Après six minutes, vérifiez le chromatogramme pour vous assurer que la norme de 8 oxo-deoxyguanosine s’échappe de la colonne A.Pendant l’intervalle de 16 à 32 minutes, passez la valve à la position permettant la connexion entre la colonne A et la colonne B.Fermez la valve à 32 minutes pour épuuter la 8-oxo-désoxyguanosine de la deuxième colonne et obtenir un pic chromatographique aigu. Pour l’analyse de 1, N6-etheno-deoxyadenosine et 1, N2-etheno-deoxyguanosine, elute une colonne C18 couplée à une cartouche C18 SecurityGuard avec un gradient de solvant A et B à un débit de 130 microlitres par minute et 25 degrés Celsius. Exécutez la pompe binaire avec 0% du solvant B pendant les 10 premières minutes, zéro à 20 % du solvant B pendant 10 à 39 minutes, 20 à 75 % du solvant B de 39 à 41 minutes, 75 % du solvant B de 41 à 46 minutes, 75 à 0 % du solvant B de 46 à 47 minutes et 0 % du solvant B de 47 à 60 minutes.
Utilisez la vanne de commutation pour diriger les 35 premières minutes d’étiente à gaspiller et la fraction de 35 à 42 minutes vers la source ESI. Assurez-vous que les normes d’adducteur s’échappent de la colonne dans l’intervalle défini. Intégrer les pics de 8-oxo-deoxyguanosine 15N5 norme isotopique de 8-oxo-deoxyguanosine, 1, N6-etheno-deoxyadenosine, norme isotopique 15N5 de 1, N6-etheno-deoxyadenosine, 1, N2-etheno-deoxyguanosine, et 15N5 norme isotopique de 1, N2-etheno-deoxyguanosine des analyses HPLC-ESI-MS/MS.
Calculer les ratios de surface pour les courbes d’étalonnage et les échantillons. Établissez les courbes d’étalonnage et calculez les quantités de lésions dans chaque échantillon injecté. Intégrer les pics de désoxyguanosine et de désoxyadenosine des analyses HPLC-UV.
Utilisez les zones pour établir les courbes d’étalonnage et calculer les quantités de désoxyguanosine et de désoxyadenosine chez les animaux de chaque échantillon injecté.

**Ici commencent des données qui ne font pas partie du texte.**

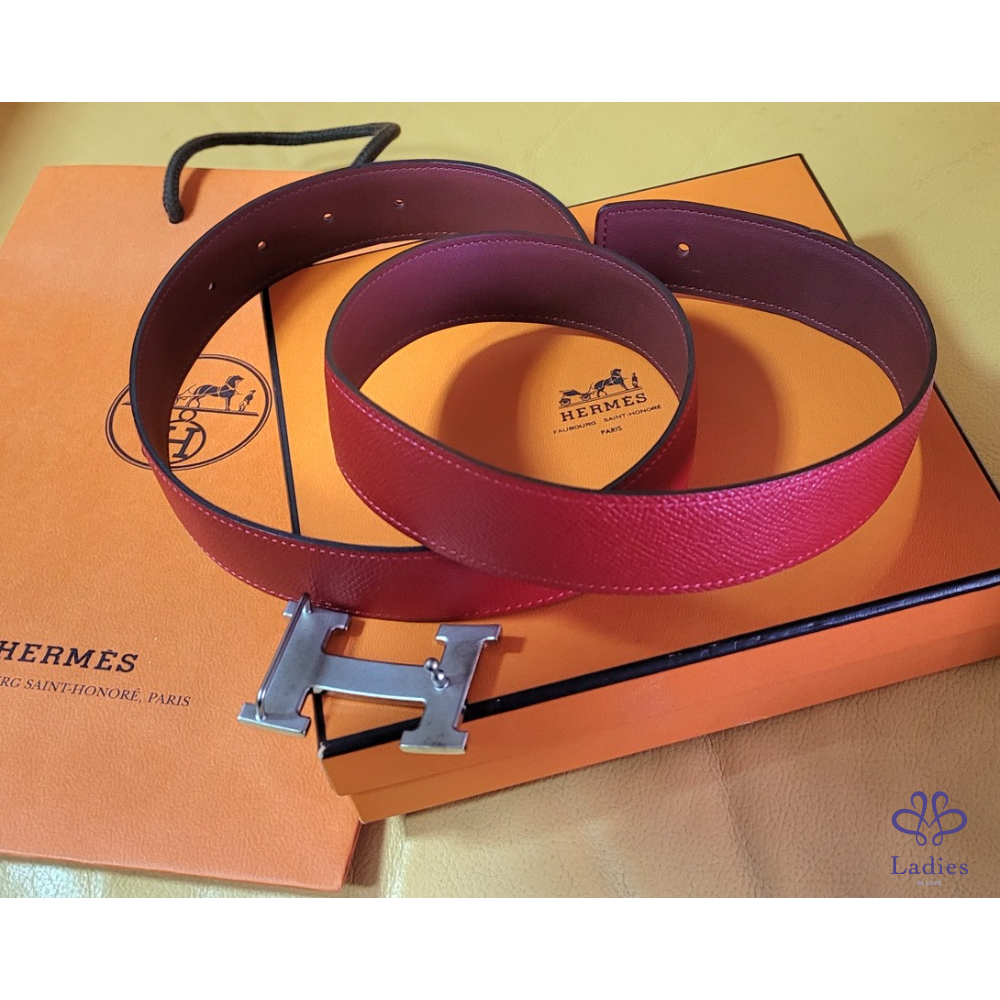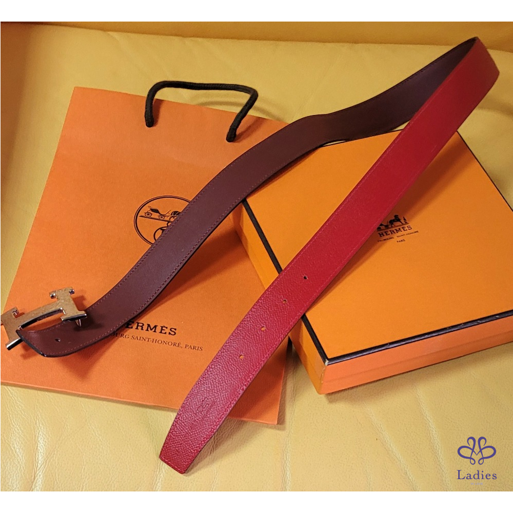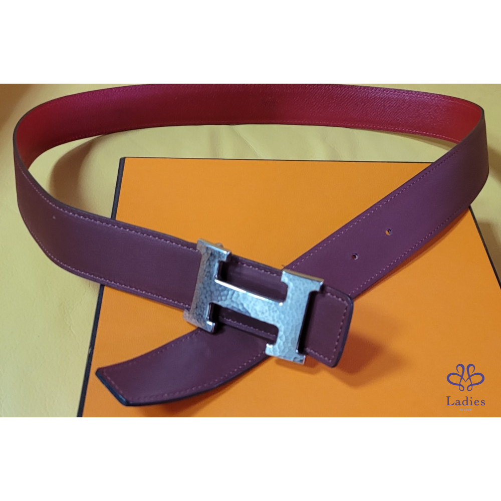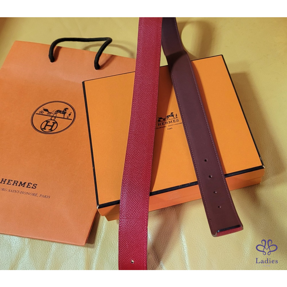 ~HERMES 銀圓弧H扣頭 紅+霧面勃根地紅色雙面腰帶85刻印

Calculer les fractions molaire pour 8-oxo-deoxyguanosine sur la désoxyguanosine, 1, N6-etheno-deoxyadenosine sur la désoxyadenosine, et 1, N2-etheno-deoxyguanosine sur la désoxyguanosine, qui donnent le nombre de lésions par million de désoxyguanosine normale ou deoxyadenosine. Un chromatogramme représentatif de l’ADN purifié obtenu par HPLC-UV montre la présence des quatre désoxynucléosides normaux, exempts des ribonucleosides d’ARN, démontrant la pureté d’ADN.

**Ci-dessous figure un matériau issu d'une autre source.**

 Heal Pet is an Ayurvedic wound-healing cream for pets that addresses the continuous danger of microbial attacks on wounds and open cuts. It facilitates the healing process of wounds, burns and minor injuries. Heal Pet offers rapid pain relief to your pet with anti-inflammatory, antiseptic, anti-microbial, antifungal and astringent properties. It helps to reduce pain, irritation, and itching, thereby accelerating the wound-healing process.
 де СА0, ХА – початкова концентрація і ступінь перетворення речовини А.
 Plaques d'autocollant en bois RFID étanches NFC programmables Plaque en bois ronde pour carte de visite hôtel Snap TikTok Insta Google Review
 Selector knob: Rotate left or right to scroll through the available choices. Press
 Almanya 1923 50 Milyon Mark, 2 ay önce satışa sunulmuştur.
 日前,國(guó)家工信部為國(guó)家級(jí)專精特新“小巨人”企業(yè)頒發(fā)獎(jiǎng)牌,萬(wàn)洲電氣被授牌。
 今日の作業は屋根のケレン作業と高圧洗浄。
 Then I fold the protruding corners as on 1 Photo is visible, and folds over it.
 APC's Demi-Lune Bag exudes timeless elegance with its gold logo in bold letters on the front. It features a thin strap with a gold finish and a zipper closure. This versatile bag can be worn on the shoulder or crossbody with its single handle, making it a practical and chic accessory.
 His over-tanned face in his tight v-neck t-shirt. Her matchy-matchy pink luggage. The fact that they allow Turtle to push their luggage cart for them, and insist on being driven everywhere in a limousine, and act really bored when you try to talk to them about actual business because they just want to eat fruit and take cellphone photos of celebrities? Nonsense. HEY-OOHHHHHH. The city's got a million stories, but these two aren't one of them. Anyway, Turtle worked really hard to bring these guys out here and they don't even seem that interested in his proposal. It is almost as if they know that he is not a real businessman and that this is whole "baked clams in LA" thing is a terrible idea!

Des chromatogrammes représentatifs de HPLC-ESI-MS/MS de 8-oxo-deoxyguanosine, 1, N6-etheno-deoxyadenosine, et 1, N2-etheno-deoxyguanosine dans des échantillons d’ADN de tissu de souris sont montrés. Le chromatogramme obtenu avec détection UV montre les quatre désoxynucléosides normaux s’échappant de la première colonne jusqu’à environ 10 minutes, avec une bonne séparation de 8-oxo-deoxyguanosine, éliminant les interférences non désirées. Une chose importante à retenir pour les quantifications exactes est d’avoir toujours les mêmes quantités de normes internes dans le volume d’injection dans les courbes d’étalonnage et les échantillons.
Les méthodes présentées ici peuvent être adaptées pour la quantification d’autres désoxynucléosides modifiés. L’expansion de la bande de désoxynucléosides modifiés permet une meilleure compréhension des mécanismes pathophysiologiques sous-jacents. Nous pouvons étudier le rôle des dommages oxydants dans différentes situations telles que l’exposition aux xénobiotiques, le diabète, et la transformation maligne de cellules, aidant ainsi le développement des stratégies préventives et de traitement.